Fortune· Steve Jennings—Getty Images for TechCrunch

With crypto on shaky ground—Bitcoin is down about 50% this year, Ether 70%—and hardcore believers reportedly "panic selling," one has to wonder about the future of digital currencies.

Those who doubt the nascent technology are taking too myopic of a view, Chris Dixon, the lead crypto investor at Silicon Valley venture capital firm Andreessen Horowitz, told The New York Times’ "Sway" podcast this past week.

If one looks at the history of the internet and tech, there are two tracks: financial, and product and tech, Dixon told host Kara Swisher.
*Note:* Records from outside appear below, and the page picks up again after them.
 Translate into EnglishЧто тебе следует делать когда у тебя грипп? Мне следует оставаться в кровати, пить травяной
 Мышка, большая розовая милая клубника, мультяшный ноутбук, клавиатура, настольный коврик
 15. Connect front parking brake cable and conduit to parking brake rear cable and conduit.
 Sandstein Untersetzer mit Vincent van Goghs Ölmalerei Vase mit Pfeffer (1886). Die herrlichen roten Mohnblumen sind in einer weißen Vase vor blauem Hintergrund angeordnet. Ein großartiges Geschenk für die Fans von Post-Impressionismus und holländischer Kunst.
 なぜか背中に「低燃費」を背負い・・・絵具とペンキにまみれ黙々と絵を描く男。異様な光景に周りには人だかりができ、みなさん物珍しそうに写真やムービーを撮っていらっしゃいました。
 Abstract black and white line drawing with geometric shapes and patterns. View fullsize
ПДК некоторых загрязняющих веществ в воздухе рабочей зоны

The financial process has been "this crazy uncle that's jumping up down," he said. "I thought last year was too high. It think this year, it's too low. ... But it just seems wildly volatile to me in a way that doesn't fully make sense."

It should be viewed separately from the product and tech track, he said, rather stating it should be through the long lens of history.
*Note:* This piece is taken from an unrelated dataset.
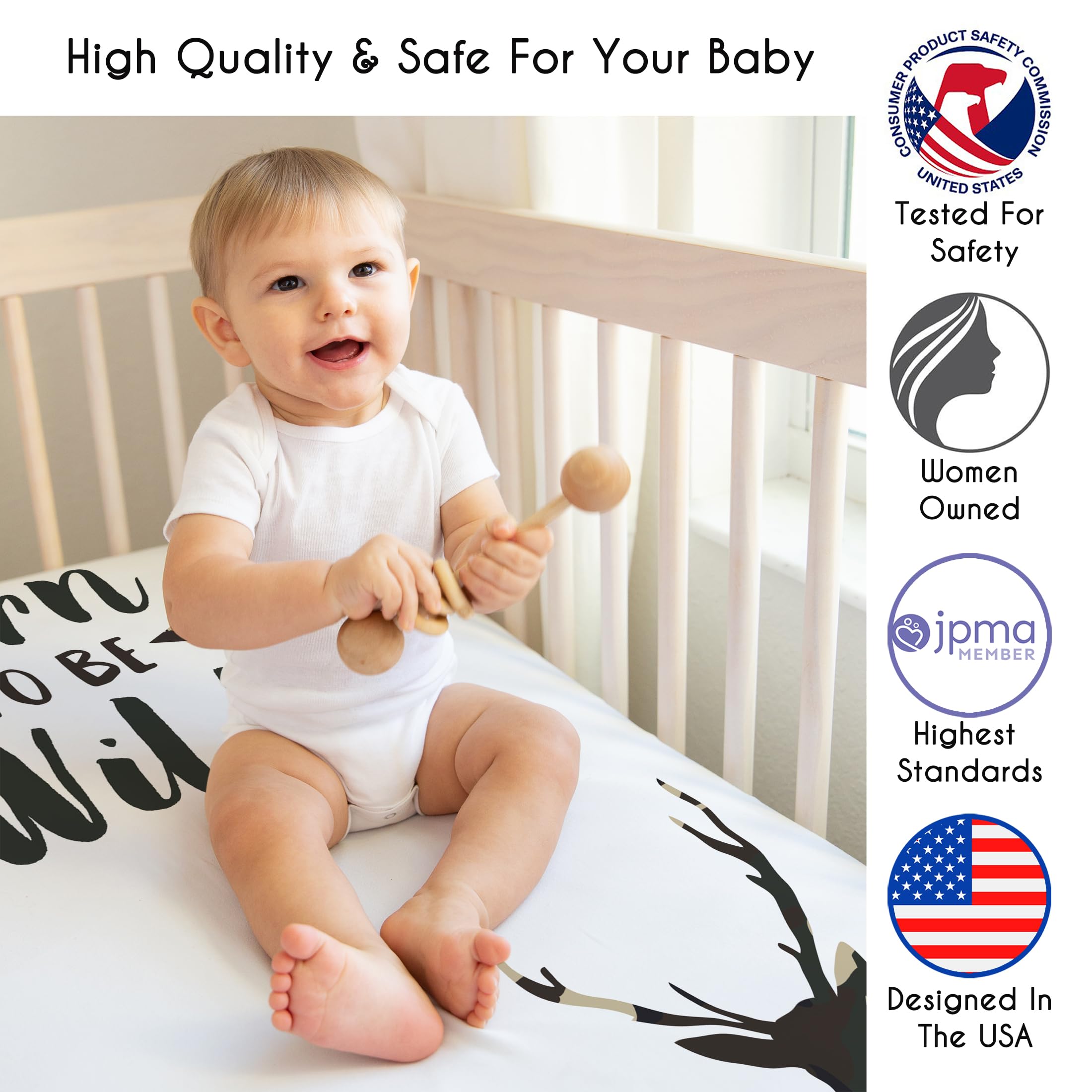 DESIGNED IN THE USA: By real parents who understand the need for comfort, practicality & style. Sweet Jojo Designs is a small, women owned business. The mom's on our team know a crib mattress sheet is first priority for your baby essentials to ensure a restful night of sleep. We use top fabrics and designs to create soft crib sheets that are stretchy and comfortable for your infant or toddler. We've studied the latest trends in woodland crib sheets for baby boy to bring you the finest product.

"I put blockchains into the history of computing," he said. "If you go back to World War II, every 10 of 15 years or so, there's been a new computing wave. And for each of those—and I've spent a lot of time thinking about this and reading the history of it—each of those waves had what I call the incubation phase."

The first smartphone was developed in 1993, but early cell phones, as clunky and clumsy as they were, were available in the '80s, Dixon said, citing their appearance in the 1987 film "Lethal Weapon."

"So, I mean, it's not like this immaculate conception where the iPhone appears," he said.

The crypto industry has two factions, according to Dixon—the "Web3 builder faction," and what he calls "casino," which he generally dislikes and doesn't support.

But, "I don't think that we should throw the baby out with the bathwater," he said. "I think that core technology is very important."

Web3—which combines "the best features of the open, decentralized protocols of Web1 with the advanced modern functionality of Web2"—has the potential to render powerless the handful of giants that control the web, and put that power in the hands of users, Dixon said.

Added Dixon: "There’s no other disruptive tech in the world right now, in my view, that’s actually going to have a chance to take down these companies than Web3."